Briefing Senin: Ukraine Meningkatkan Sabotase

Sementara Rusia dan Ukraina sama-sama gagal membuat kemajuan substansial di front perang mereka, Ukraina mulai menggunakan taktik gerilya, termasuk sabotase, pembunuhan, dan menargetkan kereta dan terowongan kereta api Rusia.

Pada 29 November, penyabot Ukraina menempatkan bahan peledak di kereta barang Rusia sekitar 3.000 mil dari perbatasan Ukraina, dalam upaya merusak terowongan penting melalui pegunungan Severomuysky. Setelah ledakan mengguncang terowongan, pejabat Rusia mengatakan ledakan tersebut disebabkan oleh “peledakan sebuah bahan peledak yang tidak dikenal.” Partisan Ukraina juga mengklaim bahwa mereka telah meledakkan kereta barang bulan lalu saat mengangkut amunisi dan bahan bakar dari Crimea yang diduduki Rusia.

Rusia juga menggunakan taktik serupa. Bulan lalu, otoritas Polandia menghukum 14 orang atas tuduhan sabotase di bawah arahan intelijen Rusia, kata pejabat Polandia. Sasaran utama mereka adalah kereta yang mengangkut bantuan militer dan kemanusiaan ke Ukraina, kata pejabat.

Di tempat lain dalam perang:

Rusia memukul Kharkiv, sebuah kota di Ukraina timur, dengan misil dan pesawat tak berawak menjelang Malam Tahun Baru.

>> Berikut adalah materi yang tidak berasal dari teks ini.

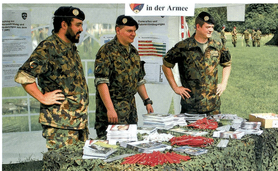
Kader und Soldaten der Abteilung bereit für Fragen.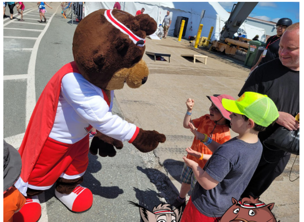
Peri rencontre des enfants lors de l'événement familial d'Halifax le 24 juin.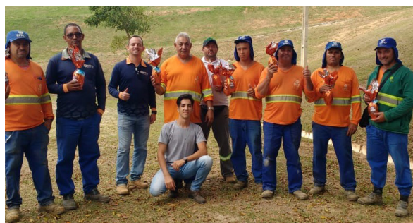
Unidade de Itu (Aterro Sanitário).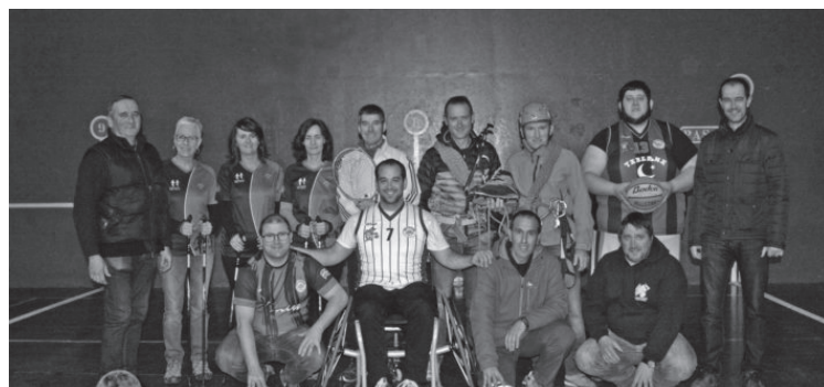
Irudian, Ostadar SKTko alor desberdinetako arduradunak. OSTADAR SKT

Bestalde, iazko denboraldian zehar Ostadar SKTk eskainitako alor guztietan kirola egin zuten herritarren datuak eman ditu elkarteak. "8 eta 75 urte bitarteko 980 pertsonak egin zuten kirola Ostadarren bitartez, alor hauetan: saskibaloia, futbola, areto-futbola, tenisa, mendia, txirrindularitza, ipar martxa, atletismoa eta boloak eta toka".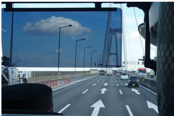
いつもの「吊り橋」を渡る。「地球は丸い」ということが自分の目でわかる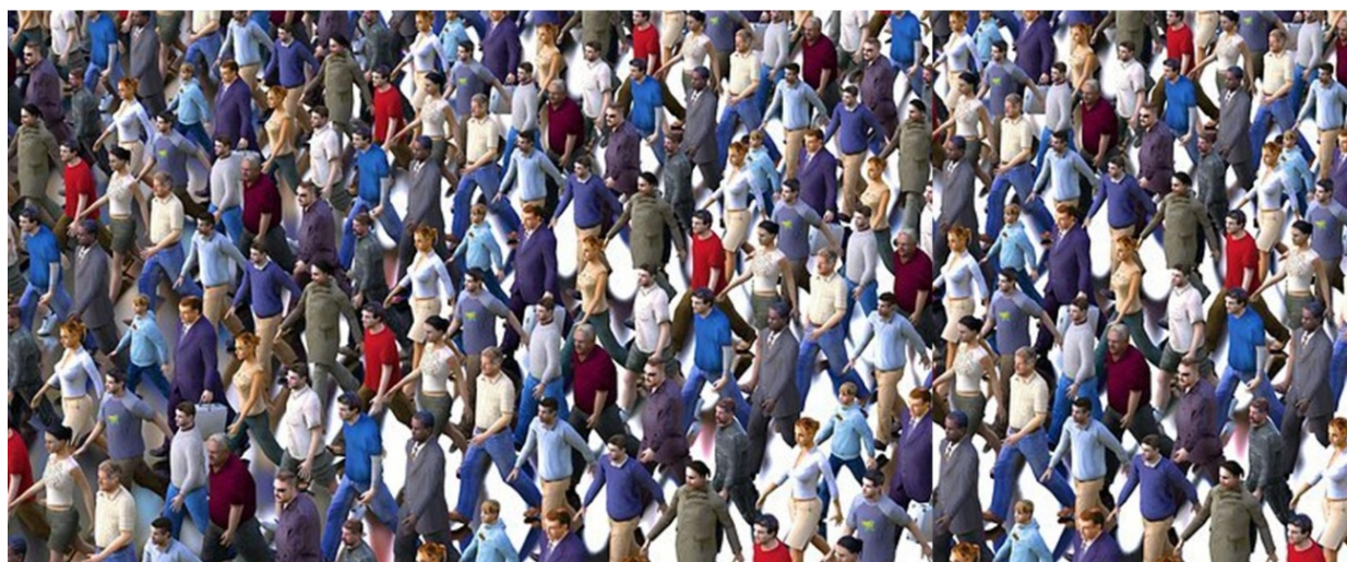
Alegoría del rebaño revuelto

“Ahí el rebaño también está revuelto, está temeroso, vive con unas ansias y una sensación de fatiga, de ahogo, de inseguridad. Y obviamente temeroso porque, además de instinto tiene intuición, o eso parece. Además de instinto e intuición tiene inteligencia, y las ve venir.

Hanya beberapa hari setelah menyerbu Ukraina, Vladimir Putin, presiden Rusia, menandatangani undang-undang sensor yang luas untuk membungkam ketidaksetujuan selama perang. Menurut analisis Times hingga Agustus lalu, undang-undang itu telah menyebabkan lebih dari 6.500 orang ditangkap atau didenda.

Helikopter militer AS kemarin diserang oleh pejuang Houthi yang didukung Iran di Laut Merah dan membalas, menenggelamkan tiga kapal Houthi dan membunuh mereka, kata Komando Pusat AS.

Kejadian ini adalah eskalasi signifikan dari serangan Houthi di Laut Merah, di mana mereka telah meluncurkan puluhan serangan misil dan pesawat tak berawak terhadap kapal-kapal komersial sebagai respons terhadap perang Israel melawan Hamas. Ini adalah pertama kalinya sejak perang Israel-Hamas dimulai bahwa Houthi berbasis Yaman diketahui langsung menargetkan pasukan AS, yang dikerahkan ke wilayah tersebut untuk melindungi kapal-kapal di perairan.

Beberapa dekade setelah Filipina memperoleh kemerdekaannya dari AS, puluhan juta rakyat Filipina yang tidak memiliki tanah menghadapi keputusasaan yang berasal sebagian dari kebijakan yang diberlakukan oleh kekuatan yang mengendalikan kepulauan tersebut selama berabad-abad.

Kebijakan yang direkayasa untuk membuat negara bergantung pada barang-barang pabrik Amerika telah membuat Filipina tanpa basis industri yang kuat atau jenis ekonomi pabrik yang telah mengangkat negara-negara Asia lain. Sebaliknya, AS meninggalkan sistem yang mendukung keluarga-keluarga kaya yang mengendalikan perkebunan dan ranah politik, meninggalkan orang-orang yang tidak memiliki tanah di bawah kekuasaan mereka.